Ich konnte es mir leisten, regelmäßig im Klippkroog essen zu gehen. Die Menschen, die schräg gegenüber in der Preis-Oase ihre Sachen kauften, konnten das wahrscheinlich nicht. Dort schuckelt man auf einer baufälligen Rolltreppe in den ersten Stock eines zweigeschossigen Siebziger-Jahre-Baus. Es gibt dort alles, und alles ist billig. Man kann Kochtöpfe und Geschenkpapier kaufen, Duschgel und Dosen-Ravioli, Tupperware und Nippes jeder Art. Überall hängen Schilder, auf denen steht: "Jeder Ladendiebstahl wird zur Anzeige gebracht!"

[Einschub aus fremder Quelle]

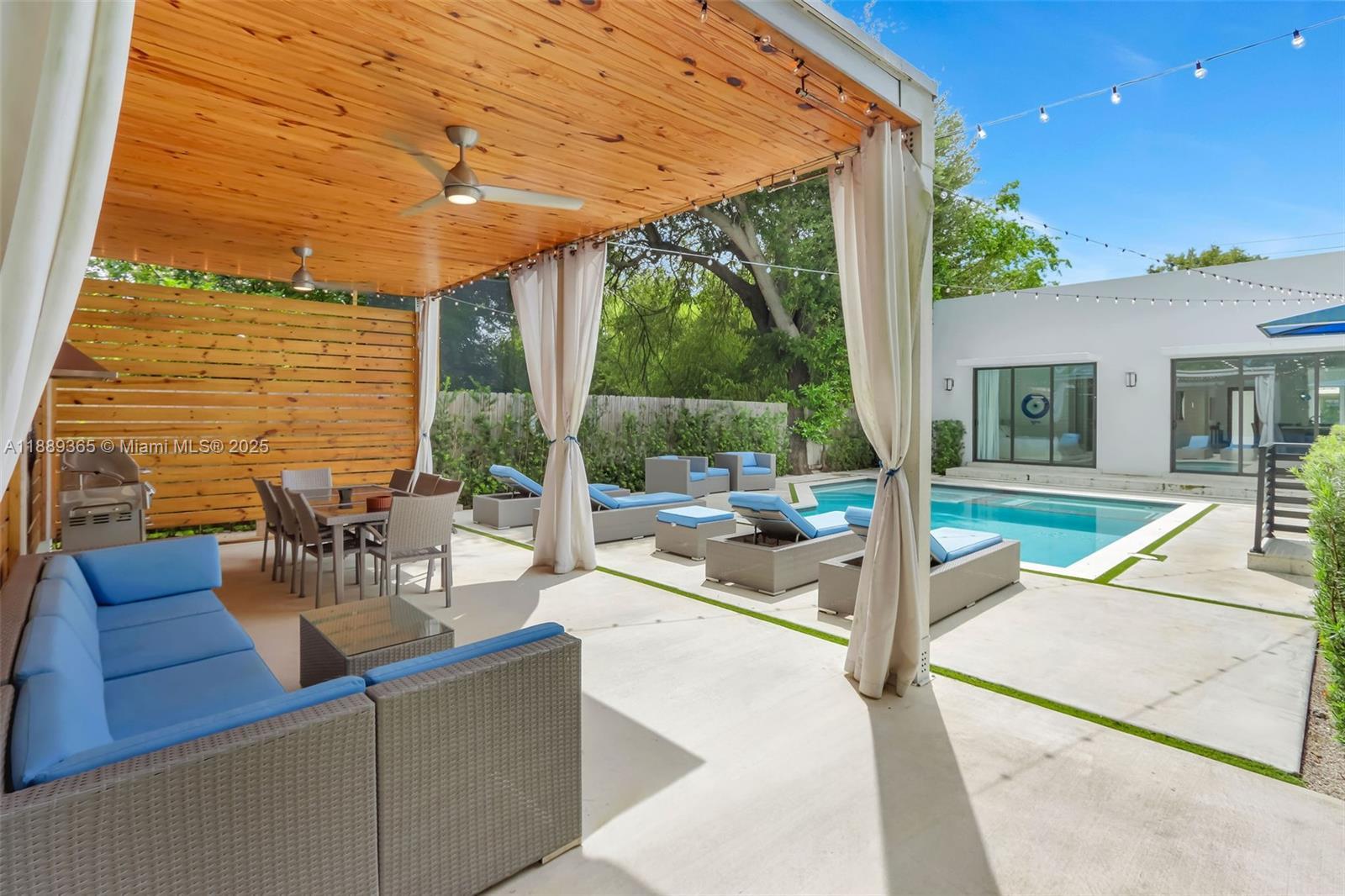 Built in 2022, this nearly 2,300 sq ft, 5 bed/3.5 bath Buena Vista home blends modern style, convenience, just one block from Miami's Design District. The main house offers 3 bedrooms, 2.5 baths, soaring 10-ft ceilings, and an open flow-through layout that extends seamlessly to an entertainer’s backyard with a resort-style pool, hot tub and covered terrace. The private, fenced 7,200 sq ft low maintenance lot features turf, concrete patio spaces, and two mature mango trees. The spacious primary suite includes a walk-in closet and spa-like bath. A separate 2-bedroom, 1-bath guest house with kitchenette is ideal for visitors, multi-gen living, or gym/office space. On a quiet street lined with new construction homes, this house is minutes from Wynwood, Brickell, Miami Beach, and the airport.

Die Preis-Oase ist das alte Altona. Der Klippkroog ist das neue. Ich ging viel öfter in den Klippkroog als in die Preis-Oase. Ohne es zu wollen, war ich anscheinend selber Teil des Prozesses, der aus einem gemütlichen Kiez für alle recht schnell ein überteuertes Hipster-Viertel machen könnte. Würde ich bald auch eine von denen sein, die von sozialer Gerechtigkeit redeten, aber das Gegenteil lebten? Denn wo es um die Aufwertung eines Viertels geht, geht es eben immer auch um die Vertreibung derer, die daran nicht teilhaben.

Ein türkischer Imbissbetreiber bekam die Kündigung für seinen Laden, bevor er ihn eröffnet hatte. Dann lief der Vertrag des Sanitätshauses Funcke aus. Einen neuen bekam die Inhaberin nicht. Die beiden hatten den gleichen Vermieter. Dessen Namen spuckte man in der Großen Bergstraße künftig mit einer Mischung aus Angst und Abscheu aus: Bruhn.